Of course, we could be given an isomorphism $V \simeq W$ and consider $T$ as a map $V \to V$, but my point is that this is much more than we really need.
In the same spirit, in order to define the singular values of a map, we need to choose inner products on both spaces. (Which is again less information then choosing isomorphisms of $V,W$ to $\mathbb{R}^d$).
The question is whether there is an "analogous" piece of extra structure which naturally fits into the definition of the trace. Of course, when $V=W$ (or when we are given some isomorphism between $V$ and $W$) we can define the trace of $T$ as a map $V \to V$.
(A coordinate-free version would be using the natural identification $V^* \otimes V \cong \text{Hom}(V,V)$, and the contraction map $V^* \otimes V \to F$. Alternatively we can choose a basis, and use the fact the trace of a matrix is invariant under conjugation).

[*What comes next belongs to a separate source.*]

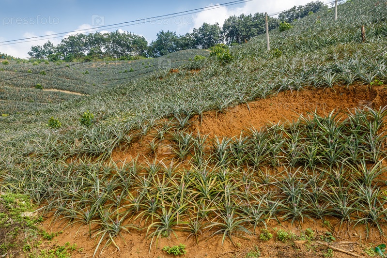 Большая плантация ананасов на склоне горы, Китай, пейзаж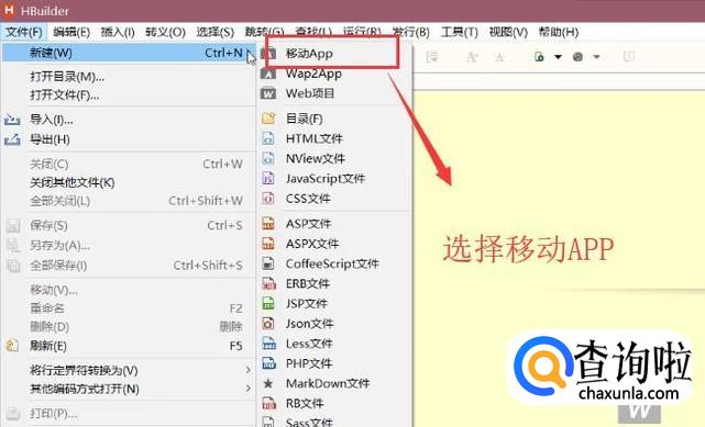 首先打开Hbuilder软件,点击顶部的文件菜单,选择新建下面的移动APP选项,如下图所示

I am aware that it's not entirely clear whether the trace can be given a purely "geometric meaning" (in the sense that it's not invariant under isometries for instance). This is different than the situation with the determinant, or the singular values.
Edit:
In a slight contrast to the last contrast, here is some evidence that the trace is at least "partially" a geometric creature: The space of trace-free matrices is the tangent space at the identity to $SL_d$ (the group of volume preserving matrices). Thus, I am guessing that we shall need at least something like an isomorphism $\bigwedge^d V \simeq \bigwedge^d W$ (in order to define a notion of volume preservation for maps). Using this isomorphism, we can now identify $\bigwedge^d T$ as a map $\bigwedge^d V \to \bigwedge^d V$, and define $$ "SL"=\{ T \in \text{Hom}(V,W) \, | \, \bigwedge^d T=\text{Id}_{\bigwedge^d V} \}. $$
The problem is that I am not sure if we can "single out" which element is the analog of the "identity map" among all these elements of our $"SL"$. Thus, I am not sure that a choice of an isomorphism $\bigwedge^d V \simeq \bigwedge^d W$ would suffice to even define what is "trace=$0$"...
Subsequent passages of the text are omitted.